The temple priests perform the pooja (rituals) during festivals and on a daily basis. Like other Shiva temples of Tamil Nadu, the priests belong to the Shaivaite community, a Brahmin sub-caste. The temple rituals are performed four times a day; Ushathkalam at 6:30 a.m., Ucchikalam at 10:00 a.m., Sayarakshai at 6:00 p.m., and Ardha Jamam at 10:00 p.m. Each ritual comprises four steps: abhishekam (sacred bath), alankaram (decoration), naivedyam (food offering) and deepa aradhanai (waving of lamps) for the pedestal of Ekambareswarar. Since it is a Lingam made of sand mound, all the ablution is done only to the pedestal. The worship is held amidst music with nagaswaram (pipe instrument) and tavil (percussion instrument), religious instructions in the Vedas read by priests and prostration by worshippers in front of the temple mast. There are weekly rituals like somavaram and shukravaram, fortnightly rituals like pradosham and monthly festivals like amavasai (new moon day), kiruthigai or on krittika nakshatram, pournami (full moon day) and chaturthi.
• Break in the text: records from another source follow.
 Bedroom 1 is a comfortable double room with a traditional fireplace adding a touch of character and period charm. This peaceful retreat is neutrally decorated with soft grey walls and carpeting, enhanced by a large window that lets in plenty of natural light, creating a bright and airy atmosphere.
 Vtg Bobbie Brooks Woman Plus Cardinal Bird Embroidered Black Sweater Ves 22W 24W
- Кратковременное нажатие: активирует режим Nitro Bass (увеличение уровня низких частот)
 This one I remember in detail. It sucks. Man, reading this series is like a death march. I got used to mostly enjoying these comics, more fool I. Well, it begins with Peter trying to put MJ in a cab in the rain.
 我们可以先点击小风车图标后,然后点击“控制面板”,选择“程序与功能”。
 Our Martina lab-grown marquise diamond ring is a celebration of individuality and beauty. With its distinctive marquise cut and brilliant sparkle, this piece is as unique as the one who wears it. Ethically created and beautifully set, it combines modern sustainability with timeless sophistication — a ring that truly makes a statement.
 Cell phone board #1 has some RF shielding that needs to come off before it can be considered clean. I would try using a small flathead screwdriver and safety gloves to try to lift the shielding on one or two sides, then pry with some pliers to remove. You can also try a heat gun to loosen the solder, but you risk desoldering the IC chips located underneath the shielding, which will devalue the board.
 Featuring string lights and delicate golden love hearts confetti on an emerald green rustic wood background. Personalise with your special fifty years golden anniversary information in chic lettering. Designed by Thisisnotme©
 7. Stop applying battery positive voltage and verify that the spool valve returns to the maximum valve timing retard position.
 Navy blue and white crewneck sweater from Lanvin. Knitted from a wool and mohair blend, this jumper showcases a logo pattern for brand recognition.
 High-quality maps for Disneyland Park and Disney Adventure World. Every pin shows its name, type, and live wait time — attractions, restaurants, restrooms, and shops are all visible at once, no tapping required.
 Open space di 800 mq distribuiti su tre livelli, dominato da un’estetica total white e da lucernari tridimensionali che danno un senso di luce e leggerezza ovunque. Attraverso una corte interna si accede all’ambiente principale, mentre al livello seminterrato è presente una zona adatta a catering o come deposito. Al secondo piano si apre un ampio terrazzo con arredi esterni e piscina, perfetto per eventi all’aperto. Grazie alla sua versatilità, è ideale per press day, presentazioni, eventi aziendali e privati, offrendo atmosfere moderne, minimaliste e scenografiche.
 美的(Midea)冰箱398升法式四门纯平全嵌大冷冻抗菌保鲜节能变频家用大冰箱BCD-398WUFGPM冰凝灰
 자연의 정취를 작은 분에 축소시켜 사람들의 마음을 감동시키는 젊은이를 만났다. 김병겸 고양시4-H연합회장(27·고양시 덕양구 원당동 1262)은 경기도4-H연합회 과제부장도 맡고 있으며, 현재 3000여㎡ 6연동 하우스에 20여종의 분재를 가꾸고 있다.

The temple celebrates many festivals throughout the year. The most important of these is the Chittirai Brahmotsavam that lasts ten days during the Tamil month of Chittirai, between April and May. There are various processions during the ten days with the festive images of presiding deities of the temple carried in various mounts around the streets of the temple.